As expected, core government agencies are to be required to use the GoProcure electronic procurement system, but only to the extent of putting transactions through the system’s hub.
This ensures all transactions are centralised and information shared. It also aggregates demand, so suppliers to more than one department have the option of filling bulk orders.
Agencies will, however, be free to process the bulk of the procurement task, such as sourcing, requisitioning and order-tracking, with their own internal systems, rather than using the Oracle-supplied part of GoProcure’s solution.
This compromise course on GoProcure was signalled last month. Such mandating breaks with policy established in the late 1980s of individual departmental choice and accountability, State Services Minister Trevor Mallard acknowledges. There has been a trend towards such cross-departmental thinking already within e-government, he says, with a standard metadata scheme and interoperability requirements enforced across agencies for the greater good.
"Increasingly there will be a number of agencies working on projects together and a number of eyes on them," rather than all the work being done in one agency and perhaps duplicated in another.
Mallard even suggests that a little less staunch departmental independence might have saved the government from embarrassments like the unsuccessful Incis police computer system. If there had been a few more eyes on that, doubts about its viability might have been raised earlier, he suggests.
The government’s "Review of the Centre" report (see Departments likely to co-orperate more under e-gov't) signalled an increased degree of co-operation as desirable, particularly among groups of agencies with common spheres of operation, Mallard notes.
"We [government agencies] have had a history since 1988 of thinking of ourselves rather than the whole of government," Mallard says.
"This is not a big Stalinist change, but there is a change of direction towards what we think is good for the whole of government and for New Zealand."
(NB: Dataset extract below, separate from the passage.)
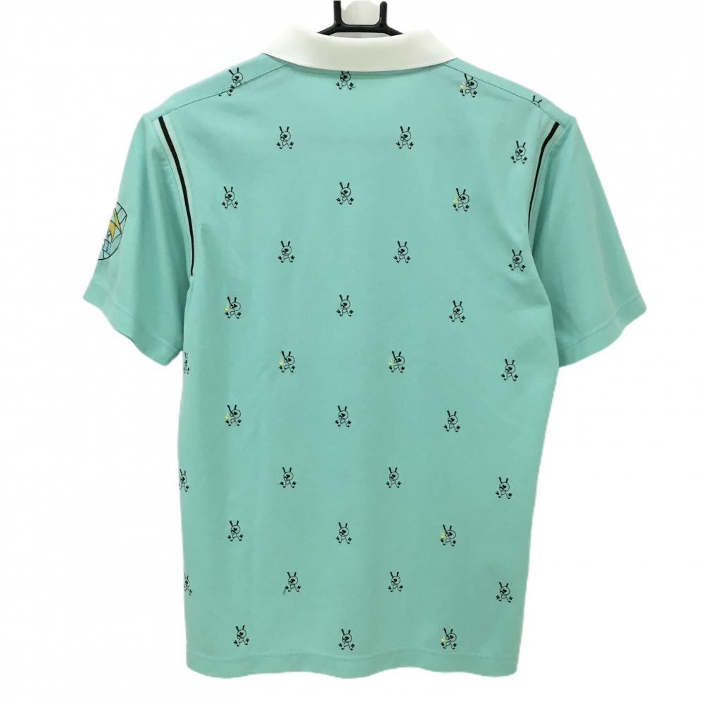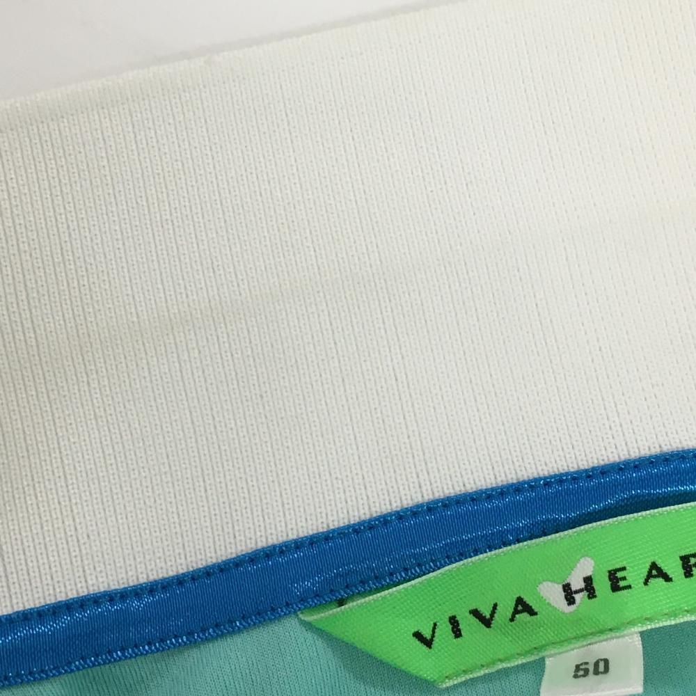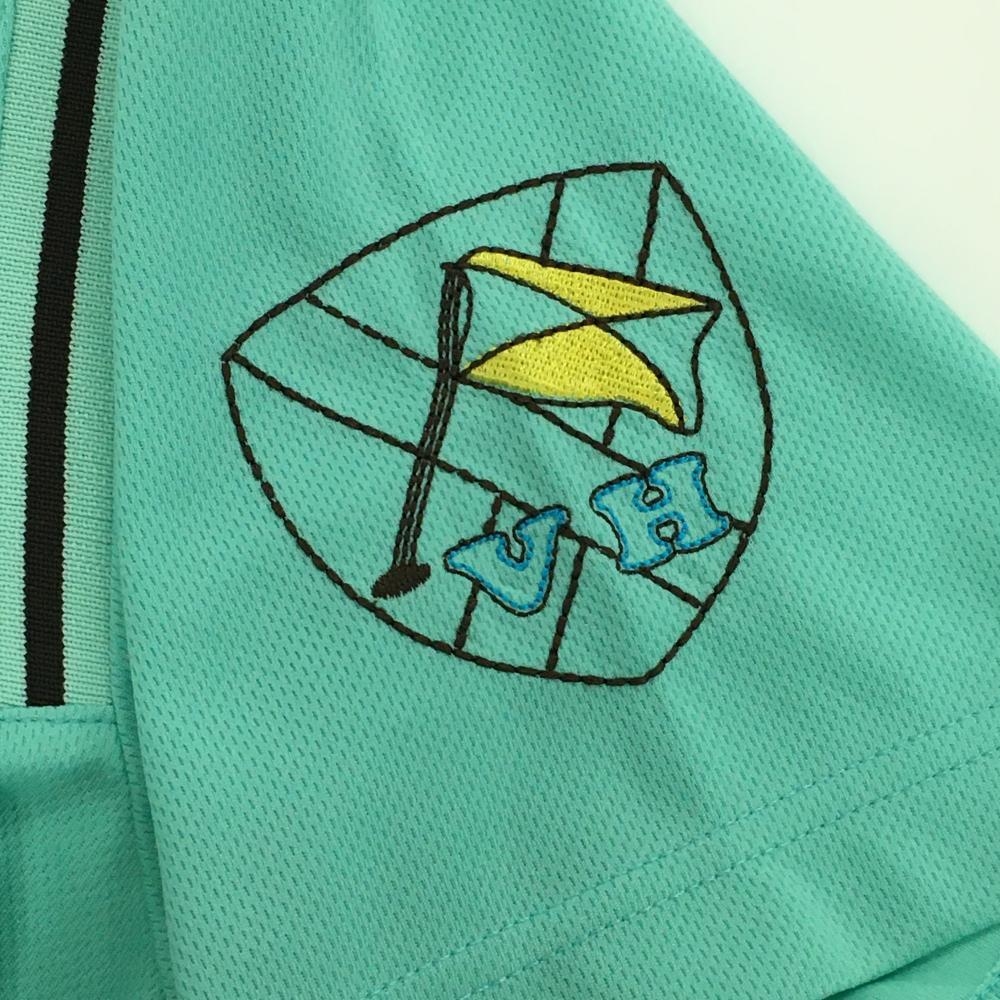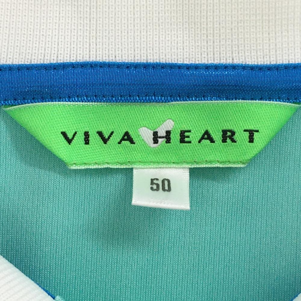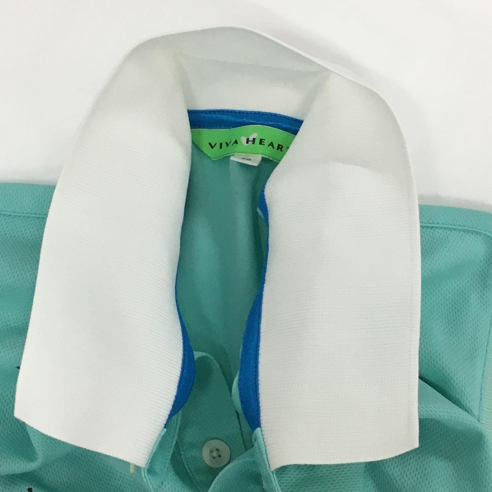 ビバハート 半袖ポロシャツ ミントグリーン×ブラウン 刺しゅう総柄 肩ライン メンズ 50(L) ゴルフウェア VIVA HEART

Suppliers to government will be required to participate in the system, but this does not mean a lawnmowing service being required to put in an online GoProcure connection, says e-government procurement specialist Greg Nichols. Such a small trader would have their details on the system, but would deal one to one with the customer.
Having a single point of contact with government procurement will be to the particular benefit of New Zealand’s many small and medium-sized enterprises, says Mallard.
Five departments and crown entities, which have not been named, will be in the first batch to come on to the system, and likely to adopt it entirely. This first phase will run to October 2003. From the following month, GoProcure "will be progressively rolled out to all other departments and large crown entities", says Mallard. Crown entities and organisations on the fringe of government, like universities, will not be required to link to the system, but some Crown entities are among the early enthusiasts, Mallard hints.
The price of the system is still under negotiation with providers Oracle and CAP-Gemini. An original contract figure of $7.5m is the starting point for negotiations, says e-government unit head Brendan Boyle.
GoProcure is expected to be a revenue-neutral exercise, with user agencies paying a fixed levy to use the system. This is a better plan than a percentage on transactions, which could encourage users to circumvent the system. That "clip the ticket" approach was considered, but it has failed in exercises such as the School Trustees Association’s STAbuy, says Boyle.